Think about the evolutionary benefits and costs of pain [subjective suffering]. Evolution has pushed the nervous systems of insects toward minimalism and efficiency, cramming as much processing power as possible into small heads and bodies. Any extra mental ability – say, consciousness – requires more neurons, which would sap their already tight energy budget. They should pay that cost only if they reaped an important benefit. And what would they gain from pain?

The evolutionary benefit of nociception [sensing negative stimuli / bodily damage] is abundantly clear. It’s an alarm system that allows animals to detect things that might harm or kill them, and take steps to protect themselves. But the origin of pain, on top of that, is less obvious. What is the adaptive value of suffering? Why should nociception suck? Animals can learn to avoid dangers perfectly well without needing subjective experiences. After all, look at what robots can do.

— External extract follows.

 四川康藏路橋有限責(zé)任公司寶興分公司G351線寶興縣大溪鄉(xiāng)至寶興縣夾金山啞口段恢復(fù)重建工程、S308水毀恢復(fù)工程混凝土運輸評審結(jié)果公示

Engineers have designed robots that can behave as if they're in pain, learn from negative experiences, or avoid artificial discomfort. These behaviors, when performed by animals, have an interpreted as indicators of pain. But robots can perform them without subjective experiences.

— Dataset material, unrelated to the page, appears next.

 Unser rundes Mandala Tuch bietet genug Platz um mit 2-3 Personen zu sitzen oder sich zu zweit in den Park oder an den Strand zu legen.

Insect nervous systems have evolved to pull off complex behaviors in the simplest possible ways, and robots show us how simple it is possible to be. If we can program them to accomplish all the adaptive actions that pain supposedly enables without also programming them with consciousness, then evolution – a far superior innovator that works over a much longer time frame – would surely have pushed minimalist insect brains in the same direction. For that reason, Adamo thinks it's unlikely that insects (or crustaceans) feel pain. ...

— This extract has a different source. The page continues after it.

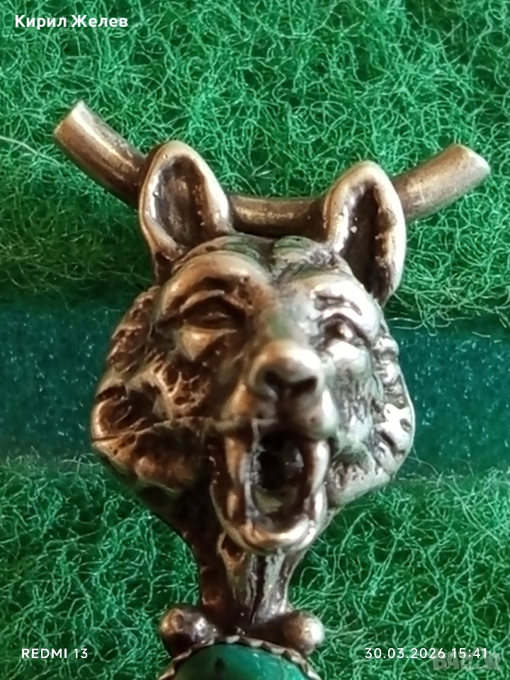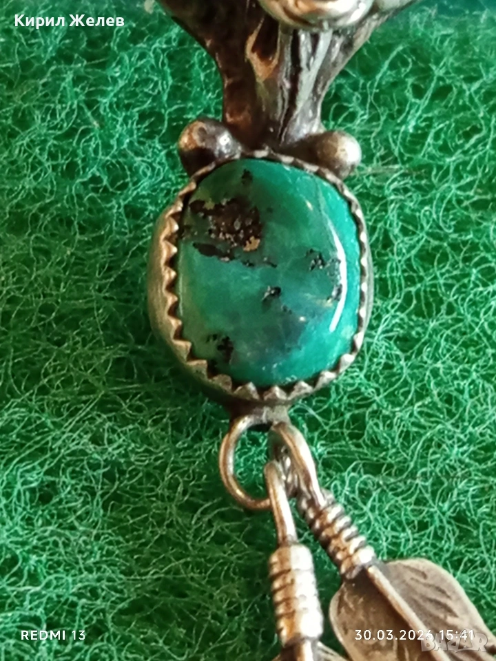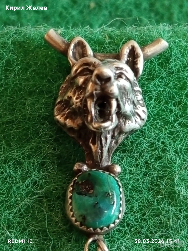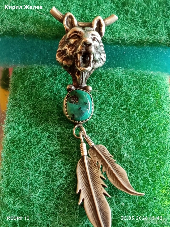 Сребърен медальон с Вълча глава , тюркоаз и висящи пера Индиански стил 54205

Insects often do alarming things that seem like they should be excruciating. Rather than limping, they'll carry on putting pressure on a crushed limb. Male praying mantises will continue mating with females that are devouring them. Caterpillars will continue munching on a leaf while parasitic wasp larvae eat them from the inside out. Cockroaches will cannibalize their own guts if given a chance.



4 comments:

Ryan Clark said...

Do you think it will ever be possible, even in principle, to empirically prove whether anything other than oneself is conscious, and therefore capable of subjective suffering?

Matt Ball said...

Hi Ryan,
Short answer: No. I don't think we can prove anything like that. we could be in a simulation where our consciousness (and its contents) are all that is "real." (Sam Harris has talked a lot about this.)

Ryan Clark said...

But do you think this fact (i.e.that conscious experience is *in principle* unobservable, and is the only phenomenon known for certain to exist that is *in principle* unobservable) calls standard physicalism into question?

I mean, in what sense is conscious experience, which is what the philosophers call "phenomenal consciousness", physical? If it's *in principle* unobservable, has no volume or mass (or location?), and has a true, ontic existence, then in what sense is it physical?

This is why I believe physicalism is a logically untenable metaphysical worldview.

Matt Ball said...

I think that, *if* we're not in a simulation, then we can find the neural correlates to consciousness (e.g., by disrupting / manipulating them). But I think it is probable that we can't *know* why that neural set up *feels* like something.
If we're in a simulation, then we can't prove / know anything, not even the laws of physics.
"Phenomenal consciousness" is physical because it is driving my fingers to type musings about phenomenal consciousness.
By my read, humans have a long history of wanting things to be "more" than just matter and energy.